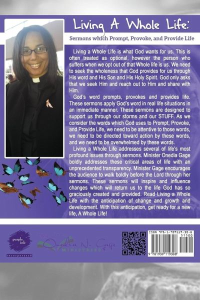 Living a Whole Life is what God wants for us. This is often treated as optional, however the person who suffers when we opt out of that Whole life is us. We need to seek the wholeness that God provides for us through His word and His Son and His Holy Spirit. God only asks that we seek Him and reach out to Him and share with Him. God’s word prompts, provokes and provides life. These sermons apply God’s word in real life situations in an immediate manner. These sermons are designed to support us through our storms and our STUFF. As we consider the words which God uses to Prompt, Provoke, and Provide Life, we need to be attentive to those words, we need to be directed toward action by these words, and we need to be overwhelmed by these words. Living a Whole Life addresses several of life’s most profound issues through sermons. Minister Onedia Gage boldly addresses these critical areas of life with an unprecedented transparency. Minister Gage encourages the audience to walk boldly before the Lord through her sermons. These sermons will inspire and influence changes which will return us to the life God has so graciously created and provided. Read Living a Whole Life with the anticipation of change and growth and development. With this anticipation, get ready for a new life, A Whole Life!
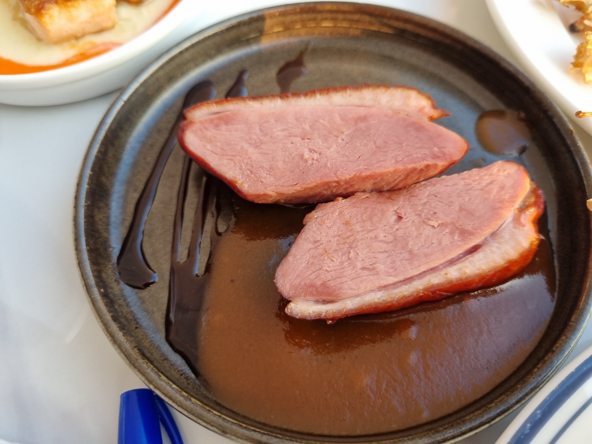 เป็ดรมควันย่าง เนื้อเป็ดแน่นละเอียด นุ่มหอม หนังกรอบมันน้องๆเป็ดปักกิ่ง ซอสราดเป็นบาร์บีคิวผสมส้มที่กลิ่นไม่แรงจนเกินไป
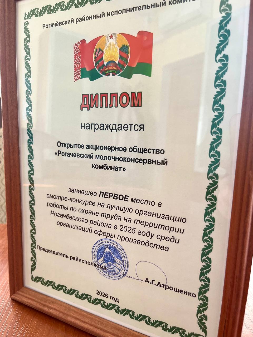По итогам ежегодного смотра-конкурса на лучшую организацию работы по охране труда среди организаций сферы производства, открытое акционерное общество «Рогачевский МКК» удостоено почетного первого места.
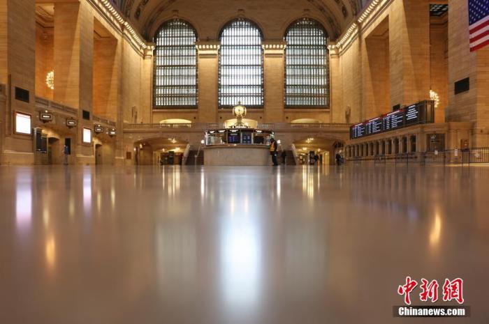 当地时间4月12日,西方传统节日复活节,受新冠肺炎疫情影响,纽约中央车站大厅行人寥寥。中新社记者 廖攀 摄
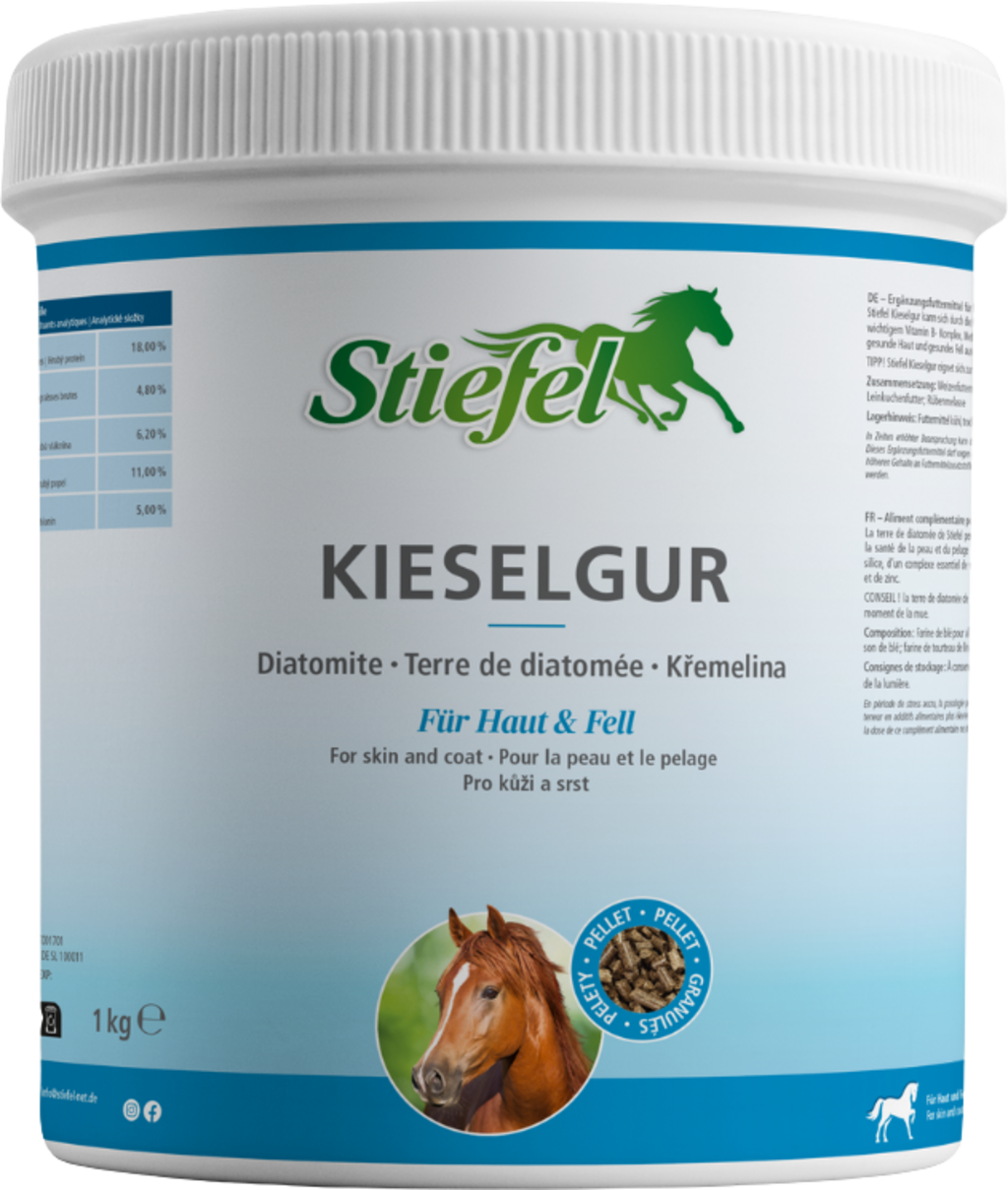 Stiefel Kieselgur kann sich durch die Kombination aus Kieselerde, wichtigem Vitamin B- Komplex, Methionin und Zink positiv auf gesunde Haut und gesundes Fell auswirken.
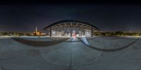 A stunning fisheye view of Berlin's night skyline from a skateboard park. The modern architecture of the city's business and financial districts is illuminated by artificial light. A perfect blend of urban design and city life.
-------
The records above are to be repeated exactly, with every picture removed from the copy.

 Living a Whole Life is what God wants for us. This is often treated as optional, however the person who suffers when we opt out of that Whole life is us. We need to seek the wholeness that God provides for us through His word and His Son and His Holy Spirit. God only asks that we seek Him and reach out to Him and share with Him. God’s word prompts, provokes and provides life. These sermons apply God’s word in real life situations in an immediate manner. These sermons are designed to support us through our storms and our STUFF. As we consider the words which God uses to Prompt, Provoke, and Provide Life, we need to be attentive to those words, we need to be directed toward action by these words, and we need to be overwhelmed by these words. Living a Whole Life addresses several of life’s most profound issues through sermons. Minister Onedia Gage boldly addresses these critical areas of life with an unprecedented transparency. Minister Gage encourages the audience to walk boldly before the Lord through her sermons. These sermons will inspire and influence changes which will return us to the life God has so graciously created and provided. Read Living a Whole Life with the anticipation of change and growth and development. With this anticipation, get ready for a new life, A Whole Life!
 เป็ดรมควันย่าง เนื้อเป็ดแน่นละเอียด นุ่มหอม หนังกรอบมันน้องๆเป็ดปักกิ่ง ซอสราดเป็นบาร์บีคิวผสมส้มที่กลิ่นไม่แรงจนเกินไป
По итогам ежегодного смотра-конкурса на лучшую организацию работы по охране труда среди организаций сферы производства, открытое акционерное общество «Рогачевский МКК» удостоено почетного первого места.
 当地时间4月12日,西方传统节日复活节,受新冠肺炎疫情影响,纽约中央车站大厅行人寥寥。中新社记者 廖攀 摄
 Stiefel Kieselgur kann sich durch die Kombination aus Kieselerde, wichtigem Vitamin B- Komplex, Methionin und Zink positiv auf gesunde Haut und gesundes Fell auswirken.
 A stunning fisheye view of Berlin's night skyline from a skateboard park. The modern architecture of the city's business and financial districts is illuminated by artificial light. A perfect blend of urban design and city life.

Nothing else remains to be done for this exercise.